Margo had to go back up to the apartment three times for assorted items that Milady had neglected to put on her list, and it was ten to twelve by the time François started the engine and pulled the heavily loaded car into the busy traffic. Milady sat in the passenger seat, smoking and giving François instructions on which route to take in order to avoid the worst of the traffic jams. Margo leaned her head against the back window, exhausted. Milou crawled from his cushion and settled his body across Margo’s legs. She tried to push him back onto the cushion, but he growled menacingly.
“He likes to sit on someone’s lap in the car,” Milady announced as she glanced back at Margo. “Try not to move too much, or he’ll be sick.”

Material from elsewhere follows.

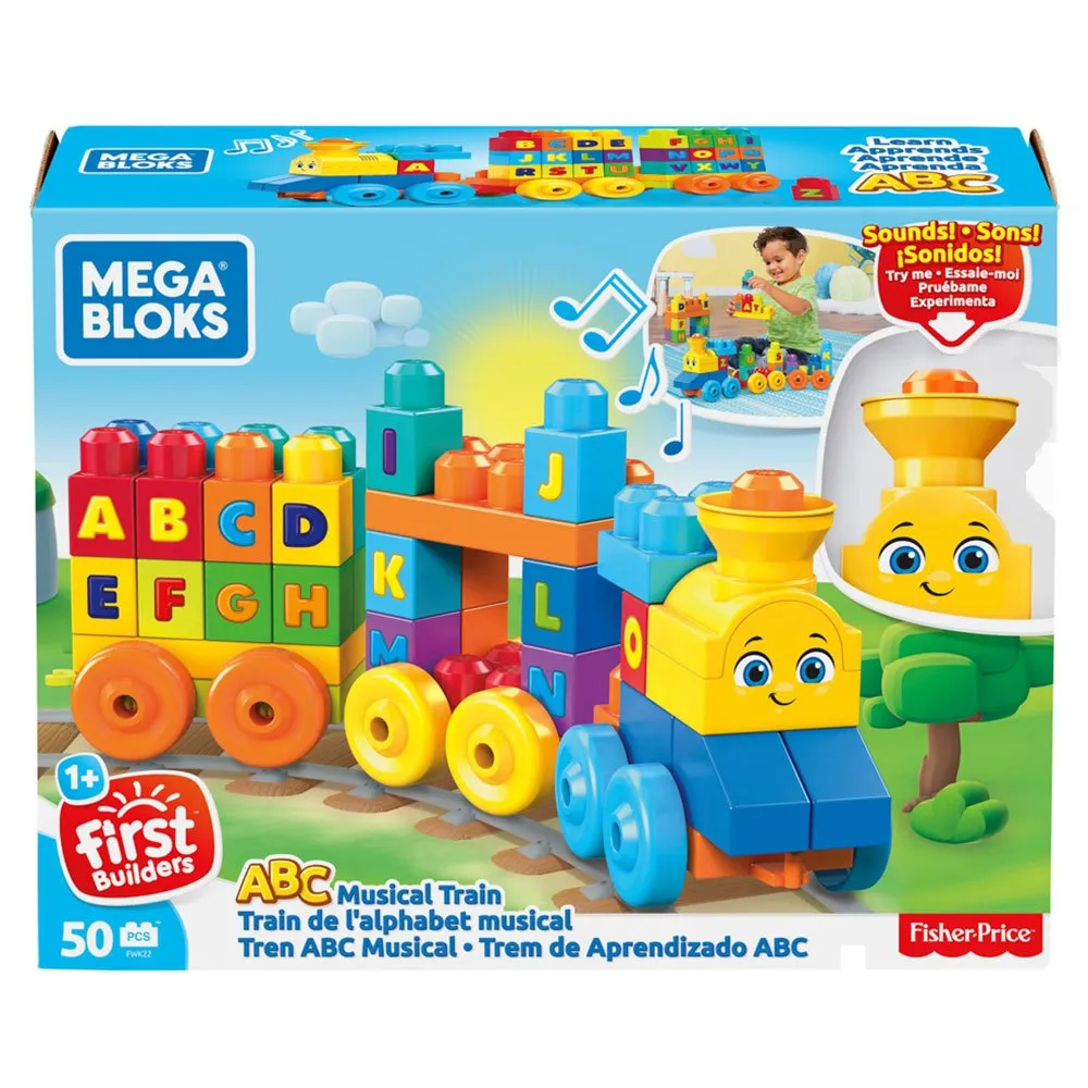 ¡El Tren de aprendizaje ABC emite sonidos reales y música! ¡Tu pequeño maquinista aprenderá las letras a toda máquina mientras construye un tren musical con las letras de la A a la Z! Conecta las tres bases con ruedas entre ellas y apila encima los bloques con letras para aprender el abecedario o incluso para construir palabras enteras.

Margo squirmed, her thighs sticking to the leather upholstery and tried to get used to Milou’s hot body. She regretted her decision to wear black trousers as she knew they would be covered in white dog hairs in no time at all. Oh well, Margo thought, what did it matter? Who would notice how she looked? She put her arms around Milou and closed her eyes as the motion of the car made her feel a little sleepy. For the next hour or so, she listened idly to snatches of conversation in French from the front seat, a good-natured discussion about politics, something about family matters, and a slight argument about where they would stop for lunch.
“Chartres,” Milady said. “We should stop there. “There’s a very good restaurant just off the main square.”
“But that’s a huge detour,” François protested. “We won’t arrive until late, and I’ll miss the evening news on television. Why can’t we have a sandwich in one of the motorway stations?”
“A sandwich?” Milady asked as if François had suggested she take a dose of strychnine. “In one of those, those—places? How could you possibly suggest such a thing?”